Department of Psychosis Studies, Institute of Psychiatry, Psychology & Neuroscience, King's College, London, UK.
Department of General Psychology, University of Padova, Padova, Italy.
Transl Psychiatry. 2020 Apr 20;10(1):107. doi: 10.1038/s41398-020-0798-6.

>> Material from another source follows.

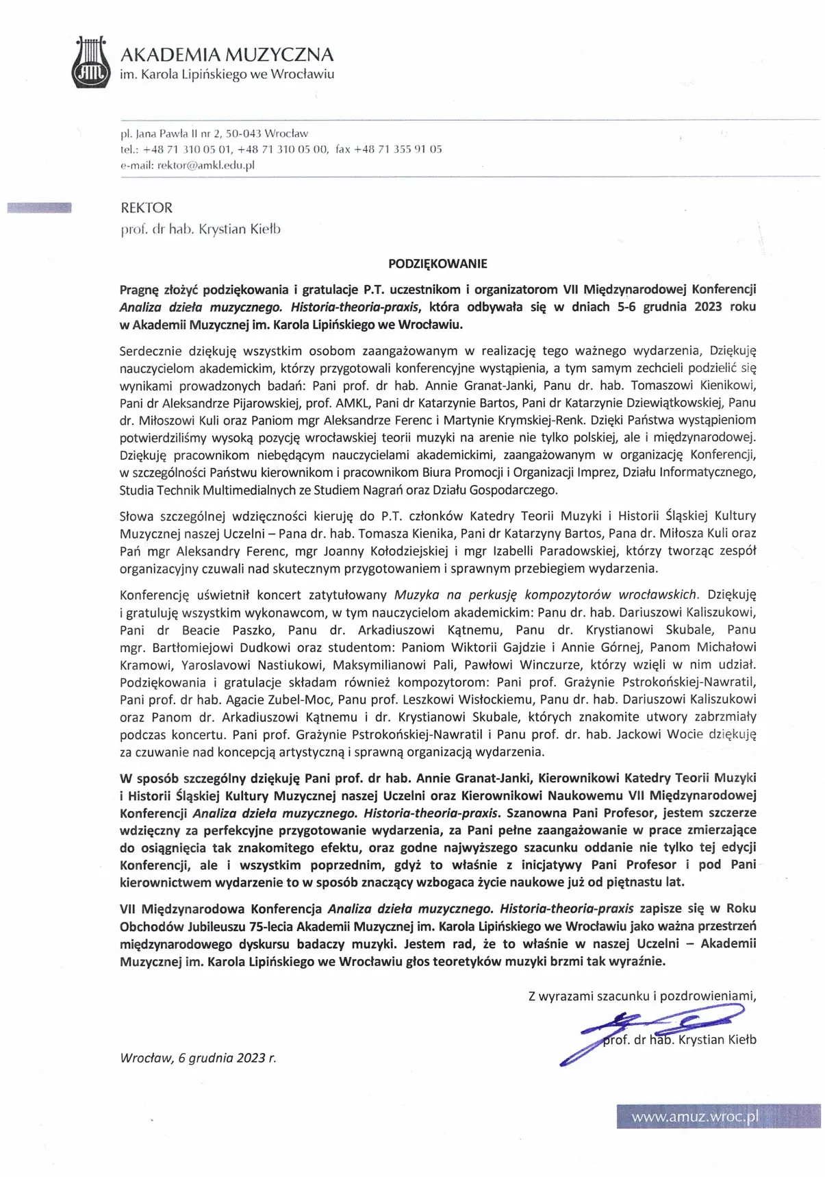 W dniach 5-6 grudnia 2023 roku odbyła się VII Międzynarodowa Konferencja „Analiza dzieła muzycznego. Historia-theoria-praxis”.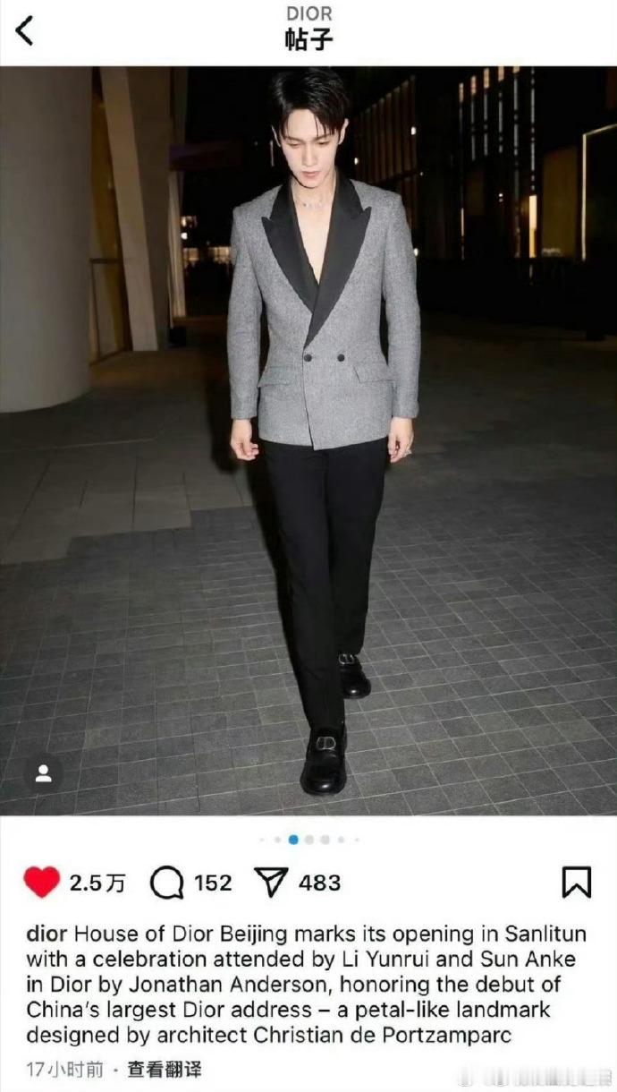 迪奥官方认领邓为李昀锐迪奥官方外网认领邓为李昀锐李昀锐出席迪奥新店开幕,西装造型

A pivotal aim of psychiatric and neurological research is to promote the translation of the findings into clinical practice to improve diagnostic and prognostic assessment of individual patients. Structural neuroimaging holds much promise, with neuroanatomical measures accounting for up to 40% of the variance in clinical outcome. Building on these findings, a number of imaging-based clinical tools have been developed to make diagnostic and prognostic inferences about individual patients from their structural Magnetic Resonance Imaging scans. This systematic review describes and compares the technical characteristics of the available tools, with the aim to assess their translational potential into real-world clinical settings. The results reveal that a total of eight tools. All of these were specifically developed for neurological disorders, and as such are not suitable for application to psychiatric disorders. Furthermore, most of the tools were trained and validated in a single dataset, which can result in poor generalizability, or using a small number of individuals, which can cause overoptimistic results. In addition, all of the tools rely on two strategies to detect brain abnormalities in single individuals, one based on univariate comparison, and the other based on multivariate machine-learning algorithms. We discuss current barriers to the adoption of these tools in clinical practice and propose a checklist of pivotal characteristics that should be included in an "ideal" neuroimaging-based clinical tool for brain disorders.
精神科和神经科研究的一个关键目标是促进研究结果转化为临床实践,以改善对个体患者的诊断和预后评估。结构神经影像学具有很大的潜力,神经解剖学测量解释了高达 40%的临床结果的差异。在此基础上,已经开发了一些基于影像学的临床工具,以便从他们的结构磁共振成像扫描中对个体患者进行诊断和预后推断。本系统评价描述并比较了现有工具的技术特点,目的是评估它们在现实临床环境中的转化潜力。结果显示,共有 8 种工具。所有这些工具都是专门为神经疾病开发的,因此不适合应用于精神疾病。此外,大多数工具都是在单个数据集上进行训练和验证的,这可能导致推广性差,或者使用少数个体,这可能导致结果过于乐观。此外,所有工具都依赖于两种策略来检测单个个体的大脑异常,一种基于单变量比较,另一种基于多变量机器学习算法。我们讨论了在临床实践中采用这些工具的当前障碍,并提出了一个理想的基于神经影像学的脑疾病临床工具应包含的关键特征清单。